Here's a way to do it, starting from your code:

public static void main(String[] args){
    int N;
    System.out.println();
    System.out.print("Enter an integer number: ");
    N = input.nextInt();
    int[] a = new int[N];
    Random generator = new Random();
    for (int i = 0; i < a.length; i++) {
        float n = generator.nextFloat();
        if (n <= 0.4) {
            a[i] = 1;
        } else if (n <= 0.7) {
            a[i] = 3;
        } else if (n <= 0.9) {
            a[i] = 4;
        } else {
            a[i] = 2;
        }
    }
}

UPDATE: at @pjs' suggestion, select numbers in order of desdencing probability so you tend to exit the if block earlier



回答2:

Another easy solution is to use nextDouble() which generates a random double in [0,1). If the value is < .4 choose 1, else if it is < (.4 + .2) choose 2, etc, with the last branch always choosing the last choice. This is easily generalized using a for loop.



回答3:

For a more generic approach, you can populate a NavigableMap with the distribution probability:

double[] probs = {0.4, 0.1, 0.2, 0.3};
NavigableMap<Double, Integer> distribution = new TreeMap<Double, Integer>();
for(double p : probs) {
    distribution.put(distribution.isEmpty() ? p : distribution.lastKey() + p, distribution.size() + 1);
}

and later query the map with a uniformly distributed random key in the range [0, 1>:

Random rnd = new Random();
for(int i=0; i<20; i++) {
    System.out.println(distribution.ceilingEntry(rnd.nextDouble()).getValue());
}

This will populate the map with the following key/value pairs:

0.4 -> 1
0.5 -> 2
0.7 -> 3
1.0 -> 4

To query the map, you first generate a uniformly distributed double in the range 0 to 1. Querying the map using the ceilingEntry method and passing the random number will return the "mapping associated with the least key greater than or equal to the given key", so e.g. passing a value in the range <0.4, 0.5] will return the entry with the mapping 0.5 -> 2. Using getValue() on the returned map entry will hence return 2.



回答4:

Let a1, a2, a3 and a4 be doubles that specify the relative probabilities and s = a1+a2+a3+a4 That means the probability for 1 is a1/s, the probability for 2 is a2/s, ...

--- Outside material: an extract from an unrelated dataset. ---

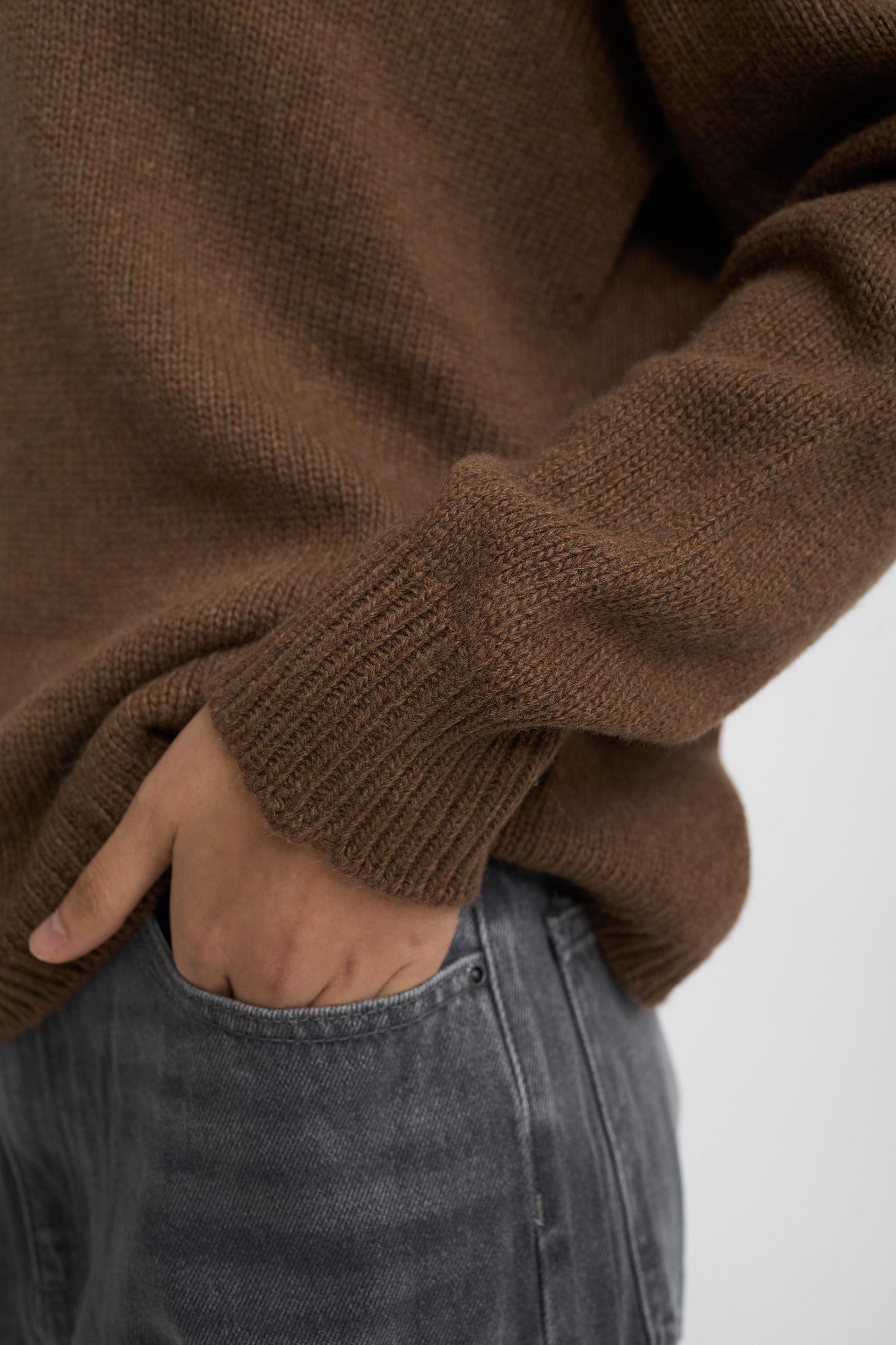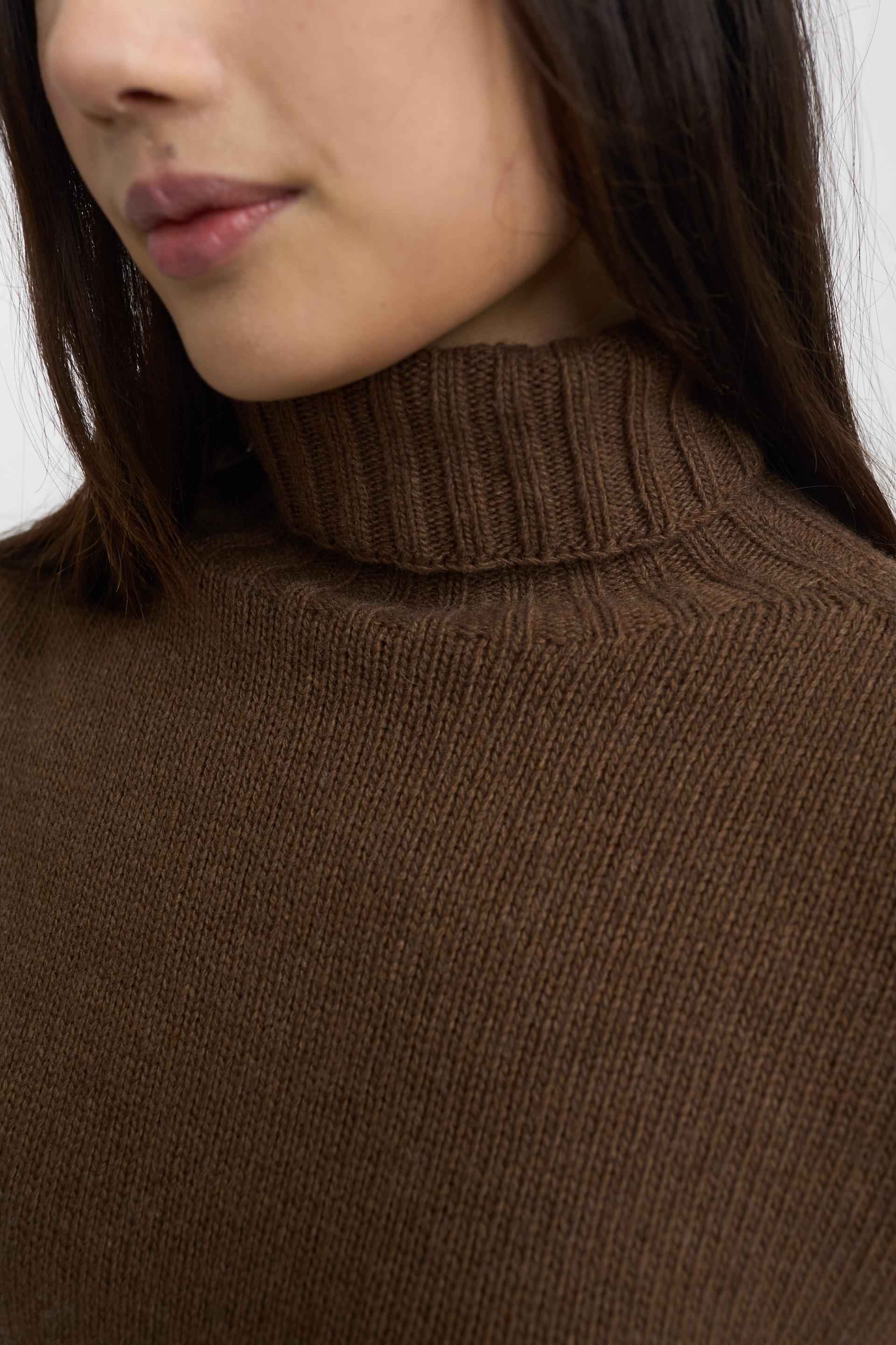 | Maglia collo alto a costine in misto lana con dettaglio di lavorazione a coste su collo, polsini e orlo. | ||

Then create a random double d using generator.nextDouble().

If 0 <= d < a1/s then the integer should be 1,

if a1/s <= d < (a1+a2)/s then the integer should be 2

if (a1+a2)/s <= d < (a1+a2+a3)/s then the integer should be 3

if (a1+a2+a3)/s <= d < 1 then the integer should be 4



回答5:

For the specific problem you gave above, the solutions provided by others work very well and the alias method would be overkill. However, you said in a comment that you were actually going to use this in a distribution with a much larger range. In that case, the overhead of setting up an alias table may be worthwhile to get the O(1) behavior for actually generating values.

Here's source in Java. It's easy to revert it back to using Java's stock Random if you don't want to grab Mersenne Twister:

/*
 * Created on Mar 12, 2007
 *    Feb 13, 2011: Updated to use Mersenne Twister - pjs
 */
package edu.nps.or.simutils;

import java.lang.IllegalArgumentException;
import java.text.DecimalFormat;
import java.util.Comparator;
import java.util.Stack;
import java.util.PriorityQueue;
import java.util.Random;

import net.goui.util.MTRandom;

public class AliasTable<V> {
   private static Random r = new MTRandom();
   private static DecimalFormat df2 = new DecimalFormat(" 0.00;-0.00");

   private V[] primary;
   private V[] alias;
   private double[] primaryP;
   private double[] primaryPgivenCol;

   private static boolean notCloseEnough(double target, double value) {
      return Math.abs(target - value) > 1E-10;
   }

   /**
    * Constructs the AliasTable given the set of values
    * and corresponding probabilities.
    * @param value
    *   An array of the set of outcome values for the distribution. 
    * @param pOfValue
    *   An array of corresponding probabilities for each outcome.
    * @throws IllegalArgumentException
    *   The values and probability arrays must be of the same length,
    *   the probabilities must all be positive, and they must sum to one.
    */
   public AliasTable(V[] value, double[] pOfValue) {
      super();      
      if (value.length != pOfValue.length) {
         throw new IllegalArgumentException(
               "Args to AliasTable must be vectors of the same length.");
      }
      double total = 0.0;
      for (double d : pOfValue) {
         if (d < 0) {
            throw new
               IllegalArgumentException("p_values must all be positive.");
         }
         total += d;
      }
      if (notCloseEnough(1.0, total)) {
         throw new IllegalArgumentException("p_values must sum to 1.0");
      }

      // Done with the safety checks, now let's do the work...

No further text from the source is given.